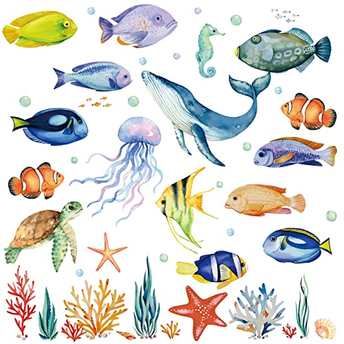 Decalmile Under The Sea väggklistermärken tropisk fisk manet hav väggdekaler baby barnkammare barn sovrum badrum väggdekor
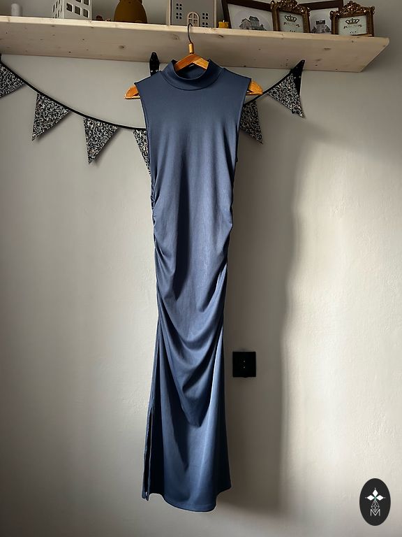 Gaumīgi volāni svārku daļā,zem krūtīm gumija. Elegants tonis un ziedu raksts.
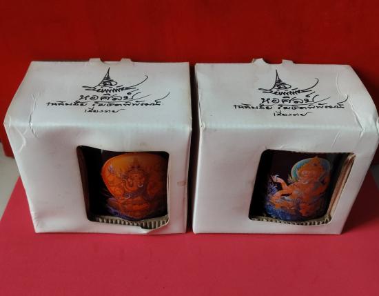 ขออนุญาติท่านอาจารย์เฉลิมชัยโฆษิตพิพัฒน์ขอเปิดแบ่งปันแก้วน้ำพ่อปู่พระพิฆเนศจำนวน2ใบ2แบบ2สีสภาพแก้วสวยงามไม่ผ่านการใชครับ(กล่องโดนฝนมาครับดูให้ชอบก่อนประมูลนะครับแก้วสวยครับ) |

• YOUR GOAL: Output each line above exactly. Skip the images.

• TASK OUTPUT:
 Decalmile Under The Sea väggklistermärken tropisk fisk manet hav väggdekaler baby barnkammare barn sovrum badrum väggdekor
 Gaumīgi volāni svārku daļā,zem krūtīm gumija. Elegants tonis un ziedu raksts.
 ขออนุญาติท่านอาจารย์เฉลิมชัยโฆษิตพิพัฒน์ขอเปิดแบ่งปันแก้วน้ำพ่อปู่พระพิฆเนศจำนวน2ใบ2แบบ2สีสภาพแก้วสวยงามไม่ผ่านการใชครับ(กล่องโดนฝนมาครับดูให้ชอบก่อนประมูลนะครับแก้วสวยครับ) |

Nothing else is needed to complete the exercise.